Brief
From the first line to the last, please reproduce the material exactly, skipping the pictures.

Material provided
· · ·
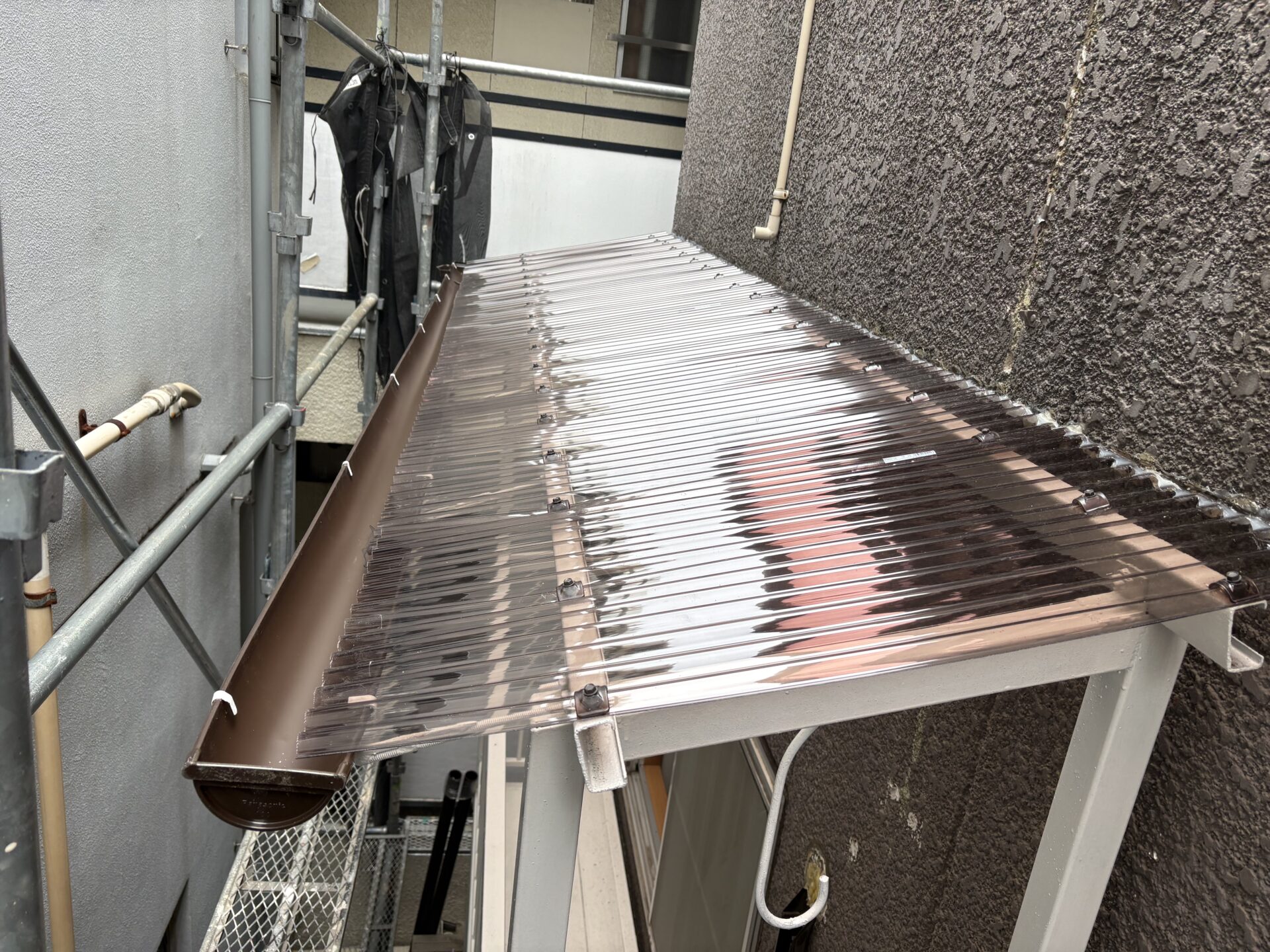 住宅メンテナンス、波板交換、雨樋交換、鉄骨ベランダ塗装、仮説足場、練馬区高野台T様邸、火災保険サポート
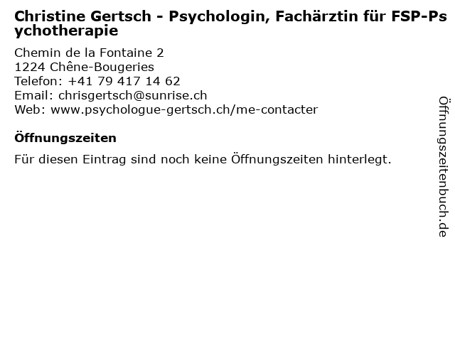 | Christine Gertsch - Psychologin, Fachärztin für FSP-Psychotherapie anrufen | |
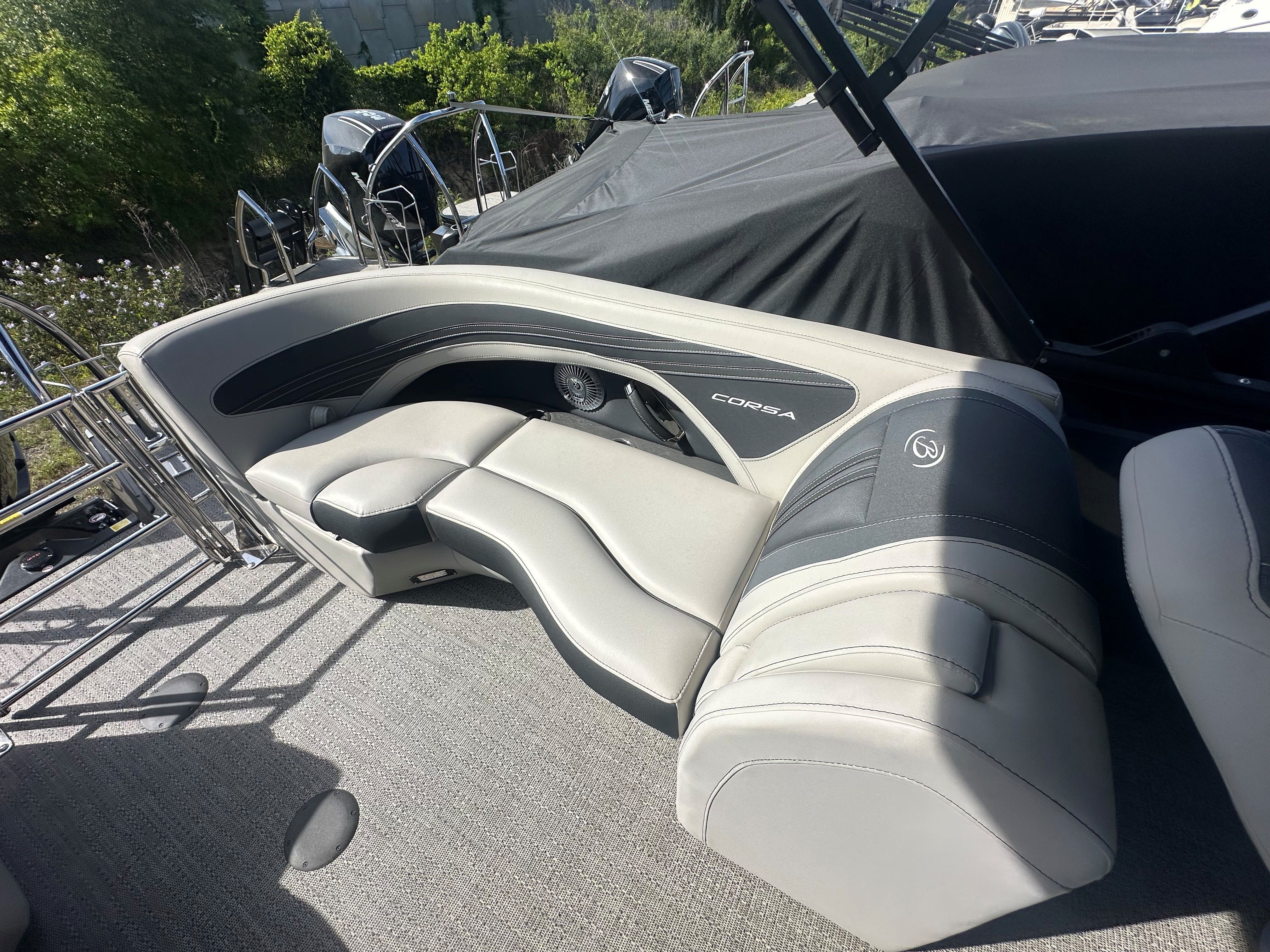 In summary, the 2026 Barletta Corsa 23QCSS is a standout pontoon boat for sale that combines cutting-edge performance, luxurious comfort, and striking design. With its powerful Mercury 250L Verado V8 engine, advanced steering and digital controls, and a host of premium features including the Blackout Package Corsa, Soft Touch Marquesan Gray furniture, Amore Gray flooring, and double bimini setup, this boat is built for those who demand the best.Whether you are seeking adventure, relaxation, or a stylish way to entertain on the water, the Barletta Corsa 23QCSS delivers on all fronts. Don’t miss the opportunity to own a Barletta boat for sale that truly stands out from the crowd. Contact your local dealer today to learn more about this exceptional pontoon and start planning your next great escape on the water.
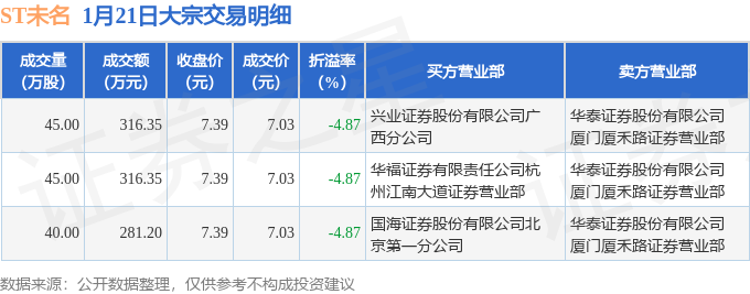 证券之星消息,1月21日ST未名发生大宗交易,交易数据如下:
· · ·
Answer to the problem
 住宅メンテナンス、波板交換、雨樋交換、鉄骨ベランダ塗装、仮説足場、練馬区高野台T様邸、火災保険サポート
 | Christine Gertsch - Psychologin, Fachärztin für FSP-Psychotherapie anrufen | |
 In summary, the 2026 Barletta Corsa 23QCSS is a standout pontoon boat for sale that combines cutting-edge performance, luxurious comfort, and striking design. With its powerful Mercury 250L Verado V8 engine, advanced steering and digital controls, and a host of premium features including the Blackout Package Corsa, Soft Touch Marquesan Gray furniture, Amore Gray flooring, and double bimini setup, this boat is built for those who demand the best.Whether you are seeking adventure, relaxation, or a stylish way to entertain on the water, the Barletta Corsa 23QCSS delivers on all fronts. Don’t miss the opportunity to own a Barletta boat for sale that truly stands out from the crowd. Contact your local dealer today to learn more about this exceptional pontoon and start planning your next great escape on the water.
 证券之星消息,1月21日ST未名发生大宗交易,交易数据如下:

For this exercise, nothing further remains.